PDB_utilities
Authors: F. Cazals
Goals
This package provides two sets of scripts:
- A first set to perform simple operations on PDB files : fetching, analyzing chains, aligning sequences, etc.
- A second set implementing the analysis of AlphaFold predictions, as explained in [167] and [42] .
Fetching PDB files
Script
sbl-pdb-fetch.py. A script to connect to the PDB and fetch one / a list of PDB files. The spec consists of the PDB id; the format namely pdb or mmCif is specified with the option –format. The option –chains lists the chains present in each file.
Implementation
A direct use of PDBList from Bio.PDB.
Parsing PDB files
Script
sbl-pdb-parse.py. A script to investigate the chains present in (a) PDB file(s), listing in particular the number of a.a. in the primary sequence (retrieved from the PDB header, or reconstructed from the a.a. sequence if there is no PDB header), and the number of a.a. in the structure (with the min and max resids).

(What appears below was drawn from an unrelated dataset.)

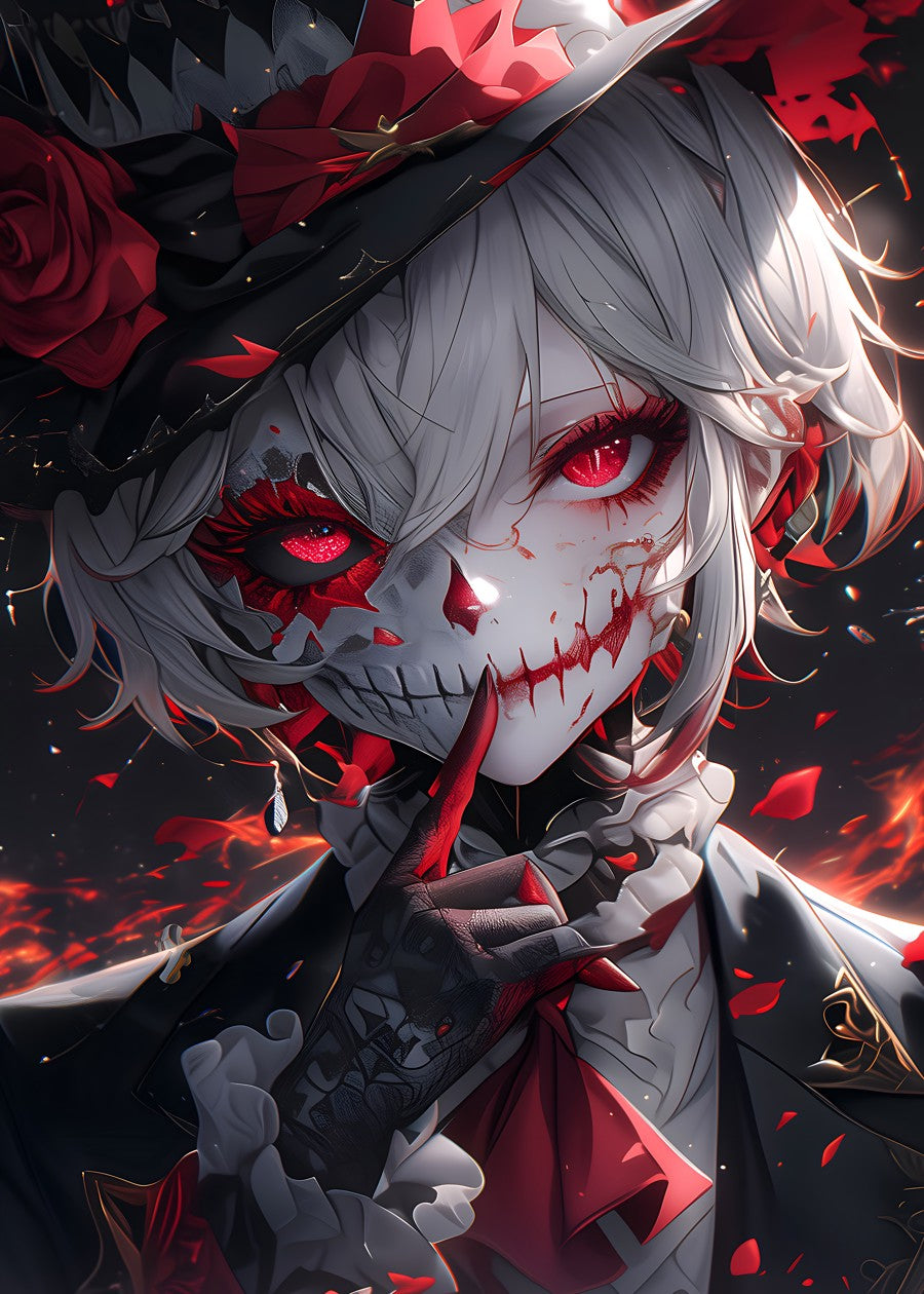Enigmatic figure with a skeletal face and red eyes, adorned with roses.

Example: querying the three chains present in 1vfb.pdb:
sbl-pdb-parse.py -f 1vfb.pdb PDB_utils processing file 1vfb.pdb with num chains 3 pdbid:1vfb.pdb model idx:0 chain_id:A aa_in_primary_seq:107 aa_in_struct:107 resid_min:1 resid_max:107 resid_span:107 107 ; DIVLTQSPASLSASVGETVTITCRASGNIHNYLAWYQQKQGKSPQLLVYYTTTLADGVPSRFSGSGSGTQYSLKINSLQPEDFGSYYCQHFWSTPRTFGGGTKLEIK
Implementation
A direct use of the modules and PDB from Bio, and MMCIFParser + PDBIO from Bio.PDB.
Rendering PDB files
Script
sbl-pdb-render.py. A script calling pymol to render a set of structures. The main options are:
- –idir to render all files in a directory.
- -f/–fnames to pass a list of files
- -F/–fname to pass a file containing a list of files
- -A to pass a text file containing filenames of AlphaFold reconstructions i.e. files prefixed with AF-*.
- –AFcol to exploit the temperature factors as pLDDT values and color code the residues accordingly.
- –odir to provide the file containing the png files generated.
- –R/–range to passe a range of pLDDT values and plot those amino acids only
Example: the following dumps a picture for each structure in the input directory, with AlphaFold's pLDDT coloring scheme:
sbl-pdb-render.py –idir ~/render-structures -o ~/render-structures –AFcol
Figures automatically rendered, using the AlphaFold coloring scheme. AlphaFold2 models: Homo Sapiens: AF-P15121-F1-model_v4; Drosophila melanogaster: AF-Q9VQS4-F1-model_v4; Homo Sapiens: AF-Q02817-F15-model_v4
Implementation
A direct use of pymol via the python module pymol_cmd.
Aligning models
Script
sbl-pdb-align.py. A simple script providing pairwise sequence and structure alignments:
- Two sequences: uses PairwiseAligner from Bio.Align to align two sequences.
- Two structures that is subsets of residues of two chains: rotates/translates one set of atoms on top of another to minimize RMSD. Also rewrite the second structure in a PDB file to ease visualization. NB: the atoms used are N, CA, and C atoms (no side-chain atom).
See all options with –help.
Implementation
The sequence alignment relies on the PairwiseAligner module.
The structural alignment relies on the Bio.PDB.Superimposer module.